Tier 1 Internet Backbone Acquired

At the end of 4Q01, Allegiance acquired substantially all of the Intermedia Business Internet (IBI) assets from WorldCom, Inc. Terms of the deal were not disclosed but Allegiance confirmed that the transaction purchase price was not financially material. WorldCom was obligated to sell the IBI assets pursuant to a consent decree entered into by WorldCom and Intermedia with U.S. Department of Justice in connection with their merger last year.

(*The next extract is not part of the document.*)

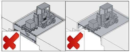 Проведение погрузочно-разгрузочных работ на уравнительной платформе в сложенном состоянии запрещено, так как это может привести к выходу оборудования из строя.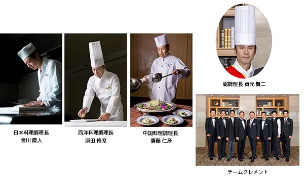 昨年9月、日本では初の「G20消費者政策国際会合」が当ホテルで開催された際、各国の関係者を料理でもてなした調理長による賞味会です。総調理長 貞元 賢二(さだもと けんじ)監修のもと、日本料理調理長 宮川 直人(みやかわ なおと)、西洋料理調理長 原田 修児(はらだ しゅうじ)、中国料理調理長 齋藤 仁彦(さいとう きみひこ)の3人が腕をふるい贅をつくした、ホテルならではの和洋中のディナーコースを楽しむことができる機会です。また、ソムリエやレストランサービスの国家検定であるHRS技能検定1級の資格をもったスタッフ「チームクレメント」による熟練のサービスで至高のおもてなしを堪能していただけます。

"The acquisition of a true Tier I Internet backbone that has peering status with all major providers, including a three-year peering agreement with UUNET, will decrease our costs of terminating Internet traffic," said Dan Yost, president and COO of Allegiance Telecom. "We believe the Tier I backbone represents a great opportunity to further expand our data offerings and leverage our existing customer base of small and medium sized businesses that already rely on Allegiance Telecom for local voice service."

Regulatory Certifications

Allegiance Telecom is certificated to provide local exchange services in 24 states and Washington D.C., including Arizona, California, Colorado, Florida, Georgia, Illinois, Indiana, Minnesota, New Jersey, New York, Maryland, Massachusetts, Michigan, Missouri, Nevada, North Carolina, Ohio, Oklahoma, Oregon, Pennsylvania, Texas, Virginia, Washington State and Wisconsin.

Corporate Background

Based in Dallas, Allegiance Telecom is a facilities-based integrated communications provider (ICP) offering businesses a complete package of telecommunications services, including local, long distance, international calling, high-speed data transmission and Internet services. Allegiance is currently operational in 36 U.S. markets. Allegiance's common stock is traded on the Nasdaq National Market under the symbol ALGX.

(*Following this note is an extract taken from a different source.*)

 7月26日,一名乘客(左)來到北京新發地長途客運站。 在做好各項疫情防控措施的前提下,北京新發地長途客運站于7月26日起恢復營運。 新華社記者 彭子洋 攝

Certain statements in this press release constitute "forward-looking statements" within the meaning of the Private Securities Litigation Reform Act of 1995, and the Company intends that such forward- looking statements be subject to the safe harbors created thereby. The words "believes," "expects," "estimates," "anticipates," "plans," "will be" and "forecasts" and similar words or expressions identify forward-looking statements made by or on behalf of the Company. These forward-looking statements were derived using numerous assumptions and are subject to many uncertainties and factors that may cause the actual results of the Company to be materially different from those stated in such forward-looking statements. Examples of such uncertainties and factors include, but are not limited to, the Company's ability to timely and effectively provision new customers; the Company's ability to retain existing customers; the Company's ability to obtain additional financing should it be necessary to do so; the Company's ability to develop and maintain efficient billing, customer service and information systems; and technological, regulatory or other developments in the industry and general economy that might adversely affect the Company. Additional factors are set forth in the Company's SEC reports, including but not limited to the Quarterly Report on Form 10-Q for the quarter ended September 30, 2001. The Company does not undertake any obligation to update or revise any forward-looking statement made by it or on its behalf, whether as a result of new information, future events or otherwise.

1Average revenue per line is calculated by taking total revenue for the quarter and dividing it by the arithmetic mean of the quarter's beginning and ending line counts in Allegiance's order management system. This result is then divided by three (the number of months in the quarter) to calculate average revenue per line.